You can also check the system requirements for production use.

You can install the pre-compiled demo in two ways:

  • download and run our demo installation script that will automatically install all required components incl. auxiliary software, or

  • you can follow the installation steps one-by-one manually. The steps describe basically what the script does.

Important

Remember to set the timezone in PostgreSQL to UTC, after you complete installation either way.

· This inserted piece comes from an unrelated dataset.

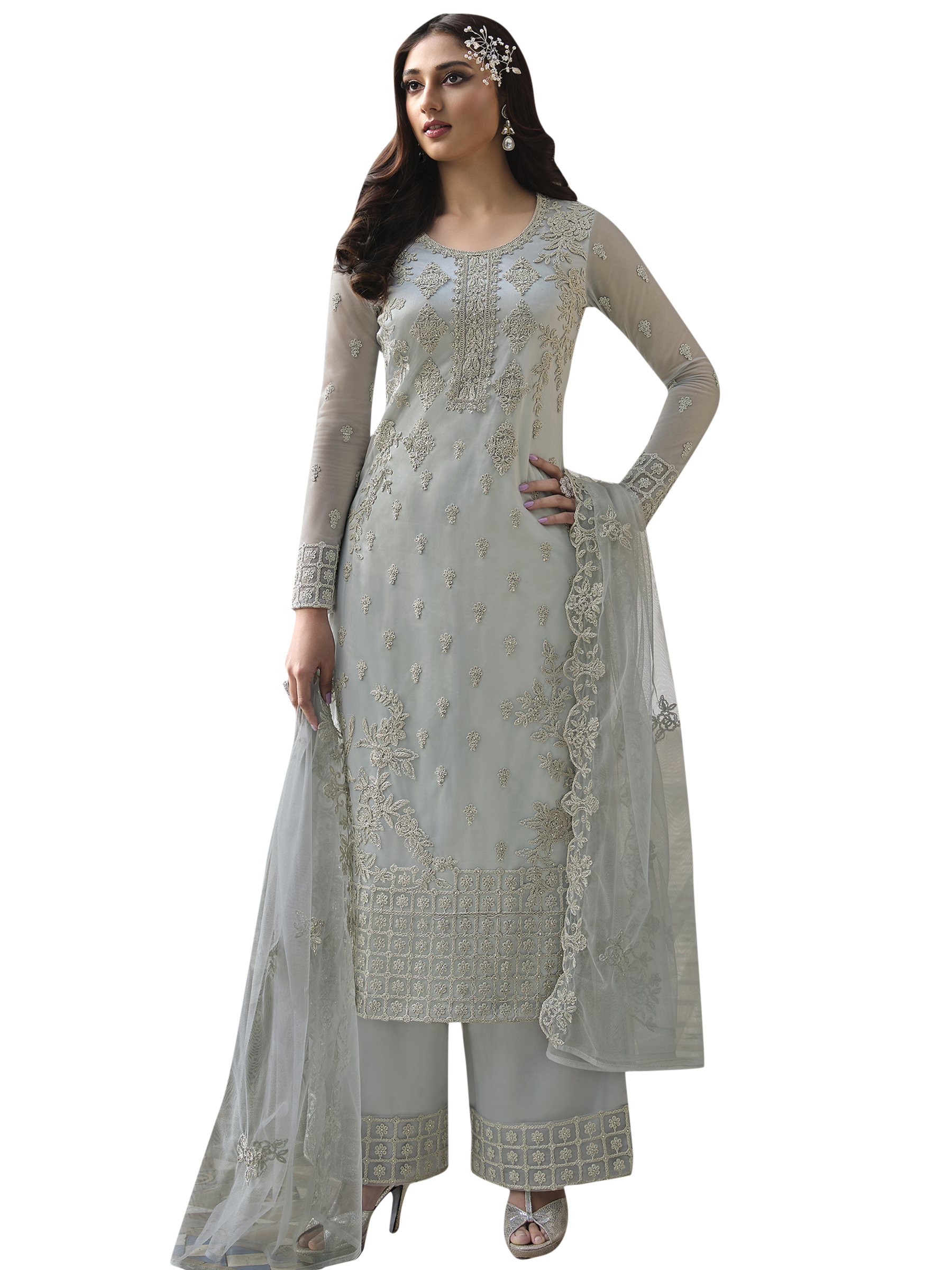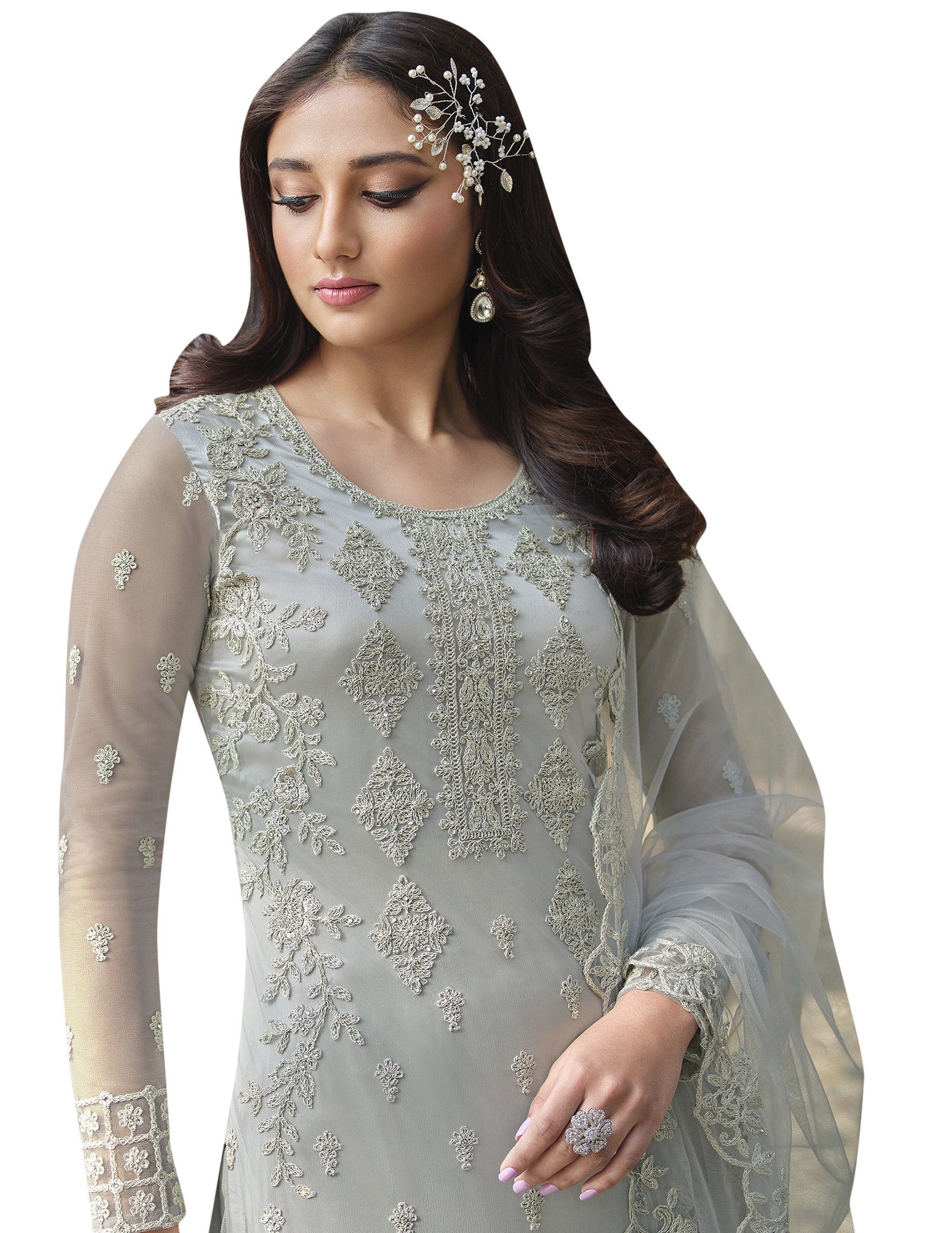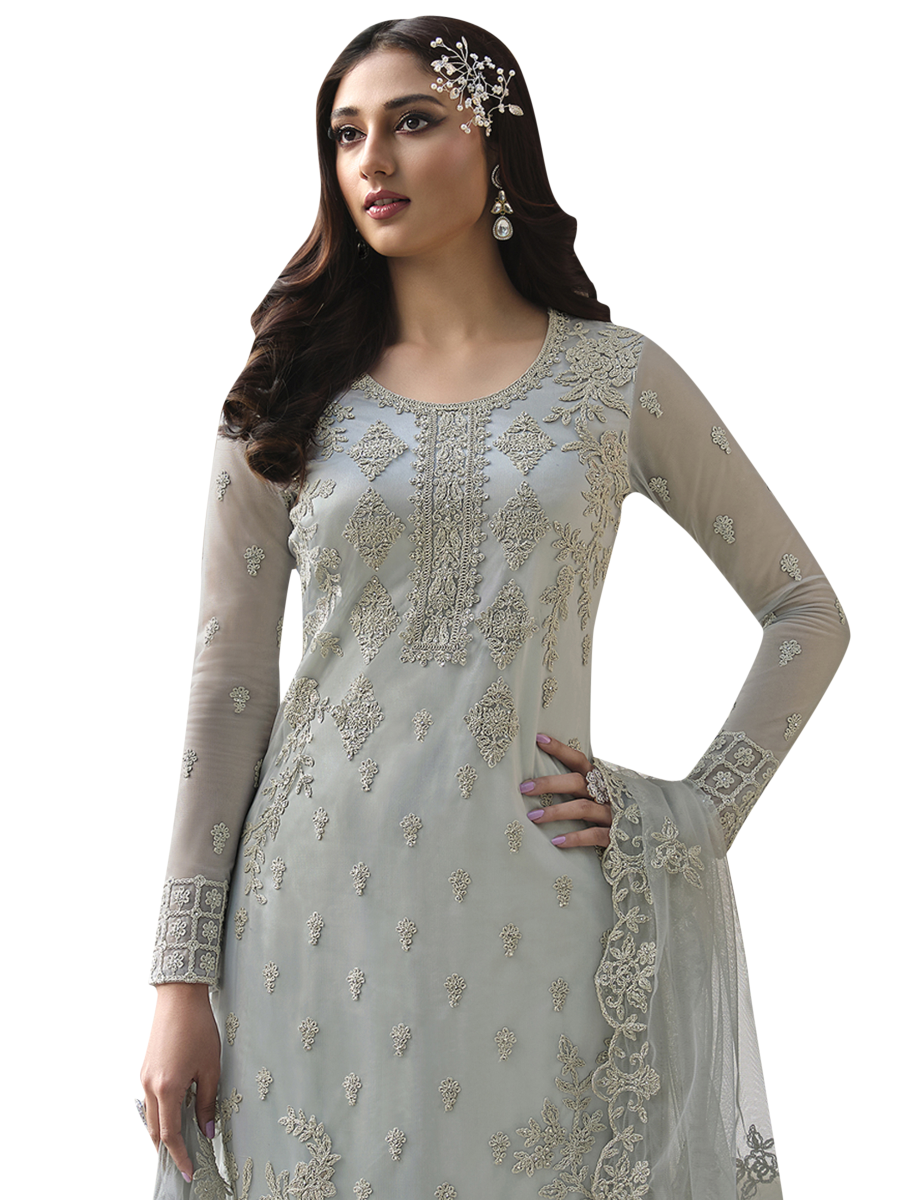 Top Colour:Grey, Bottom colour:Grey, Dupatta colour:Grey,Inner colour:Grey,

1.2.1. Demo installation script

To try FRED and associated software, use our pre-made installation script below:

# Switch to root
sudo su -
# Download the script
wget -O fred-ubuntu-install.sh https://fred.nic.cz/public/media/1689167142/150/
# Execute the script
. fred-ubuntu-install.sh

What steps the script takes is explained in the following section.

1.2.2. Installation steps

This section explains the individual steps that are taken by the installation script to install software required for the operation of the FRED.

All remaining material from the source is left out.